I also found the only ways to see what devices are being used as vdevs is through zpool status, zdb, or presumably some equivalent through libzfs, and none of those are generic. The sysfs holders folder isn't consistently used by other components either, nor should it be. Device mapper seems like it can help, but that's yet another abstraction and dependency to deal with.

archiecobbs commented 2 months ago

Something to consider, which I can rebase later once your above fix is merged, is deferring daemonizing until after nbd-client has completed.

It seems like the only advantage in doing this would be that certain (probably rare) errors that occur at certain points in the setup process would slightly be easier to find/see - i.e., printed on the console instead of syslog or whatever. So it's a nice idea, but since whomever is going to have to do a bunch of debugging in this situation anyway, this doesn't seem to warrant making more changes to what is already a somewhat brittle process.

stevekerrison commented 2 months ago

Something to consider, which I can rebase later once your above fix is merged, is deferring daemonizing until after nbd-client has completed.

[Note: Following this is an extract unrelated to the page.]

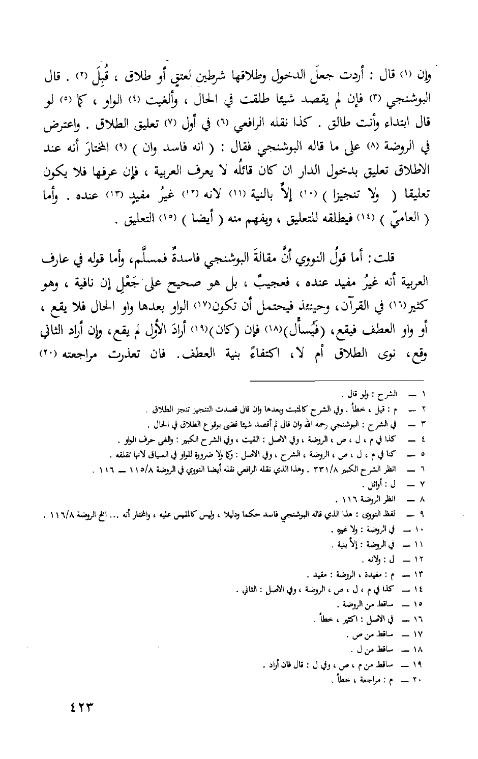 قلت أما قَول النَّوَوِيّ أَن مقَالَة البوشنجي فَاسِدَة فَمُسلم وَأما قَوْله فِي عَارِف الْعَرَبيَّة أَنه غير مُفِيد عِنْده فعجيب بل هُوَ صَحِيح على جعل إِن نَافِيَة وَهُوَ كثير فِي الْقُرْآن وَحِينَئِذٍ فَيحْتَمل أَن تكون الْوَاو بعْدهَا وَاو الْحَال فَلَا يَقع أَو وَاو الْعَطف فَيَقَع فَيسْأَل فَإِن كَانَ أَرَادَ الأول لم يَقع وَإِن أَرَادَ الثَّانِي وَقع نوى الطَّلَاق أم لَا اكْتِفَاء بنية الْعَطف فَإِن تَعَذَّرَتْ مُرَاجعَته
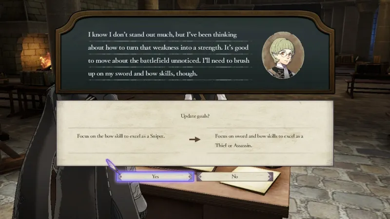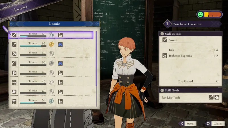 Fire Emblem succinctly capture this part of the teaching experience by occasionally giving you conversations with your students relating to the skill classes they're pursuing. For example, Ignatz might be on the path to become a sniper since you're instructing him on archery. He might come to you and ask if he should focus on studying swordplay in order to become an assassin or thief instead. It's a nice, simple mechanic that fits stats-raising and class-building in the context of teaching in a surprisingly accurate fashion.

It seems like the only advantage in doing this would be that certain (probably rare) errors that occur at certain points in the setup process would slightly be easier to find/see - i.e., printed on the console instead of syslog or whatever. So it's a nice idea, but since whomever is going to have to do a bunch of debugging in this situation anyway, this doesn't seem to warrant making more changes to what is already a somewhat brittle process.

Yeah I'd had that thought as well, and anybody using the tool should be competent enough to deal with it. I was likening it to other daemons, such as web servers, that will check config and the resources it references, before forking or reloading. But, then again, they won't care if you delete a TLS key after loading as they'll still have it mapped into memory, and will suffer just as much if any underlying filesystem disappears.

Still, thanks for the tweak to the cleanup process!

archiecobbs commented 2 months ago

OK sounds good. Thanks for the report!